Prodi gives ‘trash czar’ 4 months to end crisis By Sandra Jontz and Lisa M. Novak, Stars and Stripes
European edition, Tuesday, January 15, 2008
NAPLES, Italy — Italian Prime Minister Romano Prodi has appointed a former mob investigator to tackle the trash crisis that has plagued the city and region.
Gianni De Gennaro, former national police chief, took on the role as the region’s “trash czar,” and has four months to devise a plan to ensure similar refuse problems are curbed in the future, according to Italian media reports. Prodi also appointed Italian Gen. Franco Giannini, head of army logistics in the south, as second-in-command.

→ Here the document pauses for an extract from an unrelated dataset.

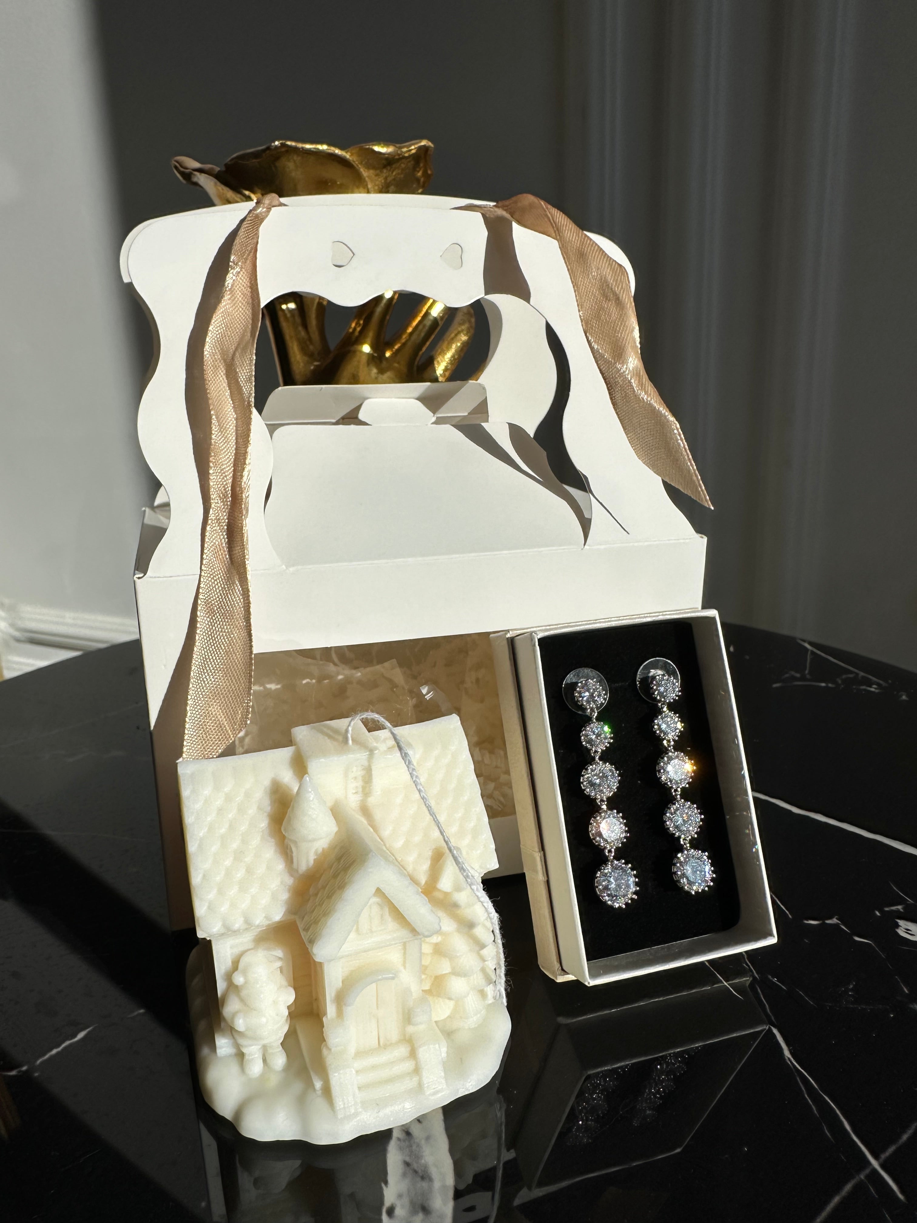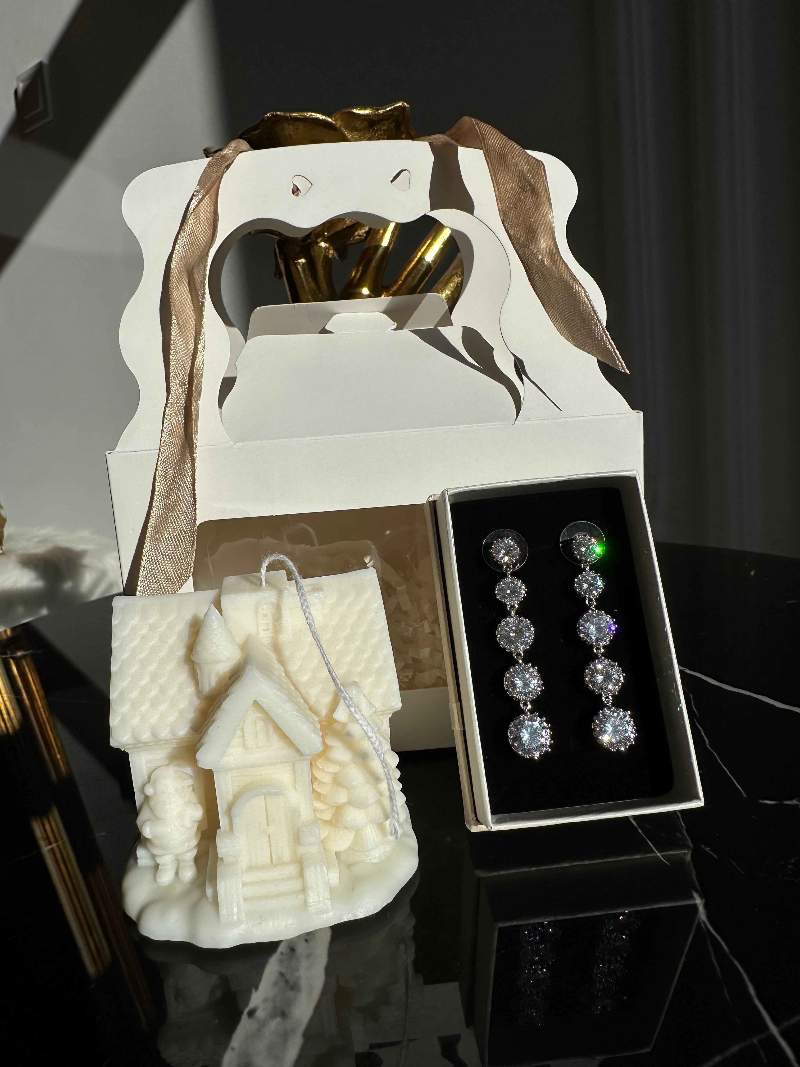 Set Cadou Sarbatori Glamadea – Cercei Lungi Eleganti & Lumanare Casuta din Ceara de Soia Naturala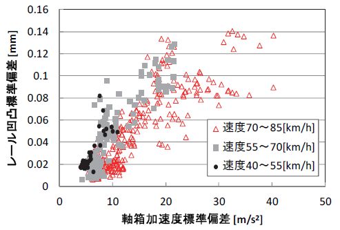 軌道検測車などで測定されている軸箱加速度については,波状摩耗に対して高い相関があること等がわかっており,これまでに軌道保守管理への活用法の検討が行われてきました.しかしながら,走行速度や加速度計の取り付け位置の違いにより,同じレール凹凸量上を走行しても軸箱加速度の値は変化するため,軸箱加速度を管理指標として活用している事業者は少ないのが現状です.

On Monday, more than 7,000 tons of uncollected garbage still remained throughout the city and its suburbs, according to the ANSA Italian news service, in spite of emergency measures in which officials have shipped about 1,500 tons of trash to islands of Sardinia and Sicily.
The trash crisis in Naples seems to be cyclical, with summer being the worst period, during which it can go uncollected for weeks.
But this fall, when the U.S. Navy noted trash piles did not diminish as they normally do, Navy officials in Naples sought help from the U.S. Navy-Marine Corps Public Health Center, based in Portsmouth, Va., said Lt. Cmdr. Wendy Snyder, a Navy Region Europe spokeswoman. The navy had experienced its own problems in getting rid of garbage on the support site base. For now, those experts are collaborating with Italians, analyzing data from health studies done by Italian health experts, she said.